= Instructions to follow =
In your transcription, keep every record exact and leave out the pictures.

= Information =
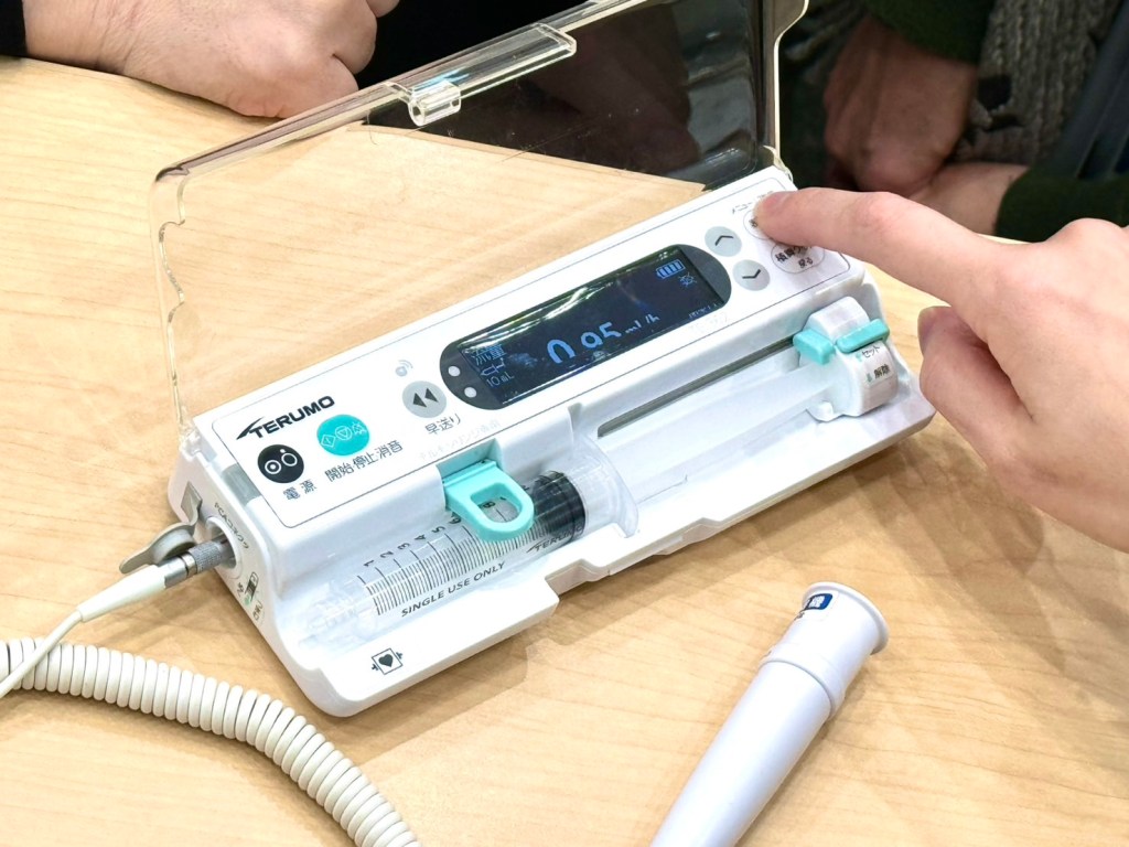 今回の研修では、基礎の「き」ということで、現在でているポンプの種類や薬剤ごとの投与経路について教えて頂きました!
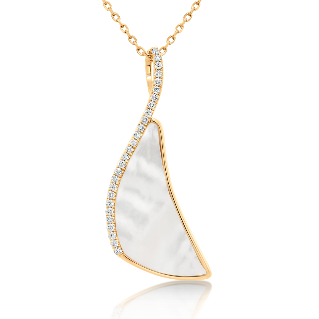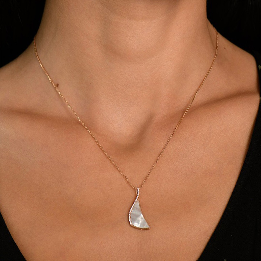 Lant din aur roz de 18K si pandantiv cu Sidef si Diamante naturale.
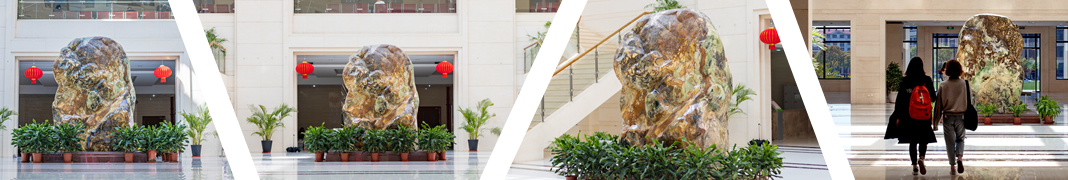 坐落于图书馆正厅的岫岩彩玉高约3米,重达9.9吨,其正面因玉包岩形的独特构造生成了绚丽的色彩,背面则以晶莹剔透的青玉为主。此玉原产地是辽宁鞍山,经过车运、海运辗转运至学校,是目前国内高校最大的一块岫玉,也是一块璞玉。 东汉许慎在《说文解字》中提到:“玉,石之美者。有五德,润泽以温,仁之方也;鳃理自外,可以知中,义之方也;其声舒扬,专以远闻,智之方也;不桡而折,勇之方也;锐廉而不忮,絜之方也。”中国自古以君子比玉,“玉不琢,不成器”,与笔墨书香相伴的岫岩彩玉勉励着上应学子在知识的海洋里磨砺己身、见贤思齐、孜孜以求、志存高远。 2012年10月建成。 |
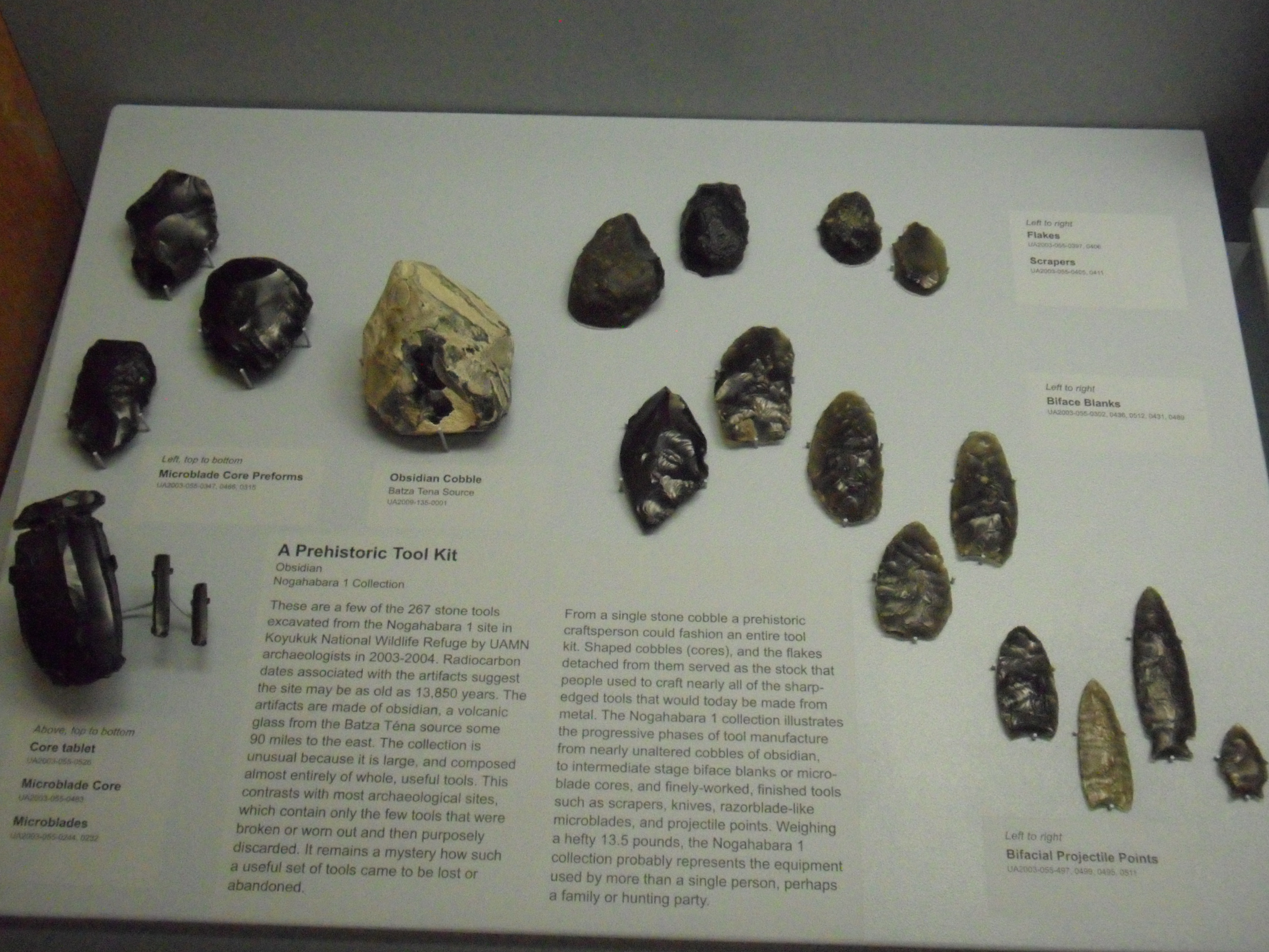 A collection of ancient handmade obsidian tools on display at the University of Alaska Fairbanks' Museum of the North. Researchers think these tools may be upwards of 13,000 years old. University of Alaska, Fairbanks, Museum of the North.
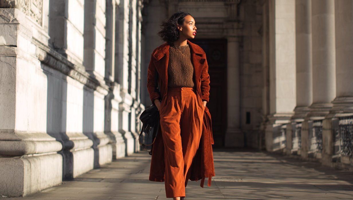 1. Suede Coat + Lightweight Knit + Tailored Trousers
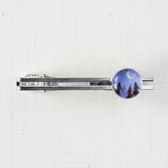 針葉樹の森に浮かぶ銀の三日月を描いた絵を、樹脂で閉じ込めたネクタイピンです。
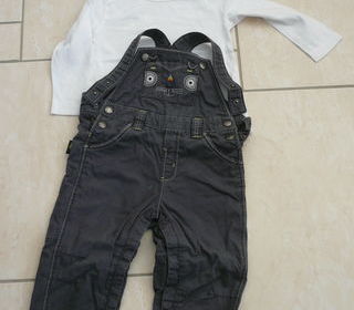 Ensemble composé de : - Un pantalon doublé, en velours gris, - Un tee-shirt assorti, - Une paire de chaussettes assorties. Très bon état. N'hésitez pas à regarder mes autres a
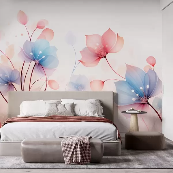 Fototapeedid Õrnad roosa-sinised lilled — õhuline taimestik valgel akvarelltaustal Nr w09507
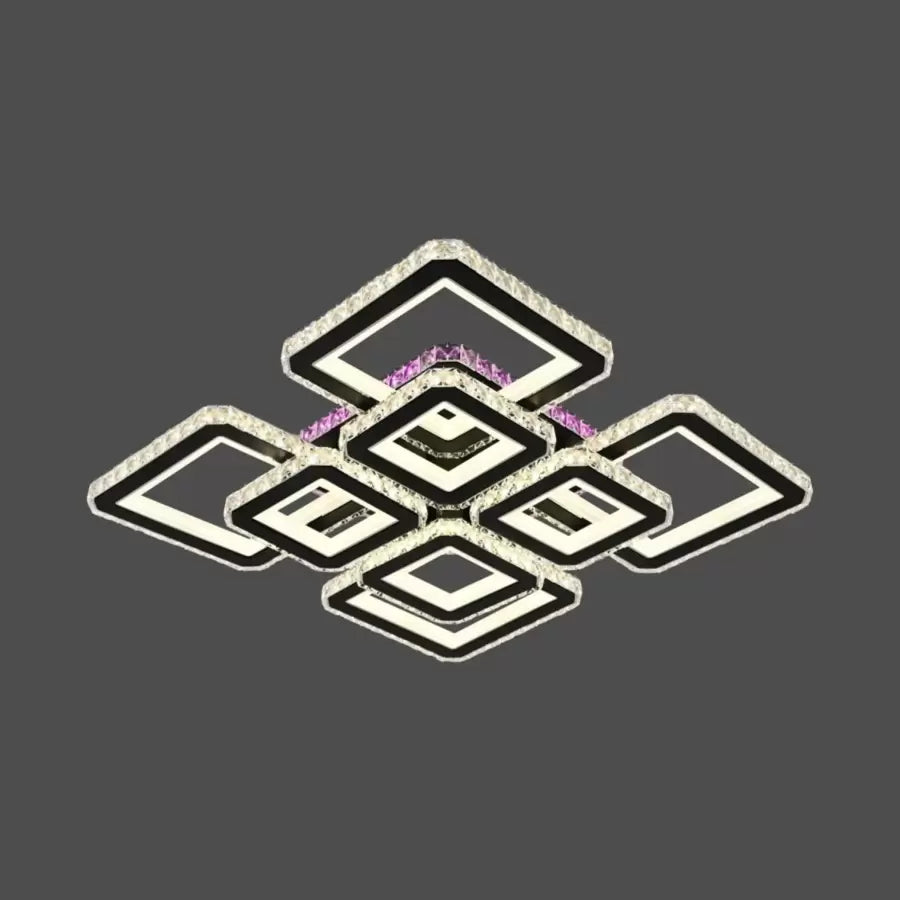 LED chandelier with remote control and crystal BLAKELY RGB 163W, 8 Squares, Cold/Warm/Neutral light, Dimmable, Black
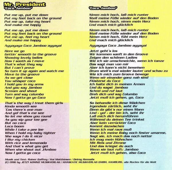 | 1-1 | Mr President: Coco Jamboo (Radio Version) | 3:37 min | |

= Written response =
 今回の研修では、基礎の「き」ということで、現在でているポンプの種類や薬剤ごとの投与経路について教えて頂きました!
 Lant din aur roz de 18K si pandantiv cu Sidef si Diamante naturale.
 坐落于图书馆正厅的岫岩彩玉高约3米,重达9.9吨,其正面因玉包岩形的独特构造生成了绚丽的色彩,背面则以晶莹剔透的青玉为主。此玉原产地是辽宁鞍山,经过车运、海运辗转运至学校,是目前国内高校最大的一块岫玉,也是一块璞玉。 东汉许慎在《说文解字》中提到:“玉,石之美者。有五德,润泽以温,仁之方也;鳃理自外,可以知中,义之方也;其声舒扬,专以远闻,智之方也;不桡而折,勇之方也;锐廉而不忮,絜之方也。”中国自古以君子比玉,“玉不琢,不成器”,与笔墨书香相伴的岫岩彩玉勉励着上应学子在知识的海洋里磨砺己身、见贤思齐、孜孜以求、志存高远。 2012年10月建成。 |
 A collection of ancient handmade obsidian tools on display at the University of Alaska Fairbanks' Museum of the North. Researchers think these tools may be upwards of 13,000 years old. University of Alaska, Fairbanks, Museum of the North.
 1. Suede Coat + Lightweight Knit + Tailored Trousers
 針葉樹の森に浮かぶ銀の三日月を描いた絵を、樹脂で閉じ込めたネクタイピンです。
 Ensemble composé de : - Un pantalon doublé, en velours gris, - Un tee-shirt assorti, - Une paire de chaussettes assorties. Très bon état. N'hésitez pas à regarder mes autres a
 Fototapeedid Õrnad roosa-sinised lilled — õhuline taimestik valgel akvarelltaustal Nr w09507
 LED chandelier with remote control and crystal BLAKELY RGB 163W, 8 Squares, Cold/Warm/Neutral light, Dimmable, Black
 | 1-1 | Mr President: Coco Jamboo (Radio Version) | 3:37 min | |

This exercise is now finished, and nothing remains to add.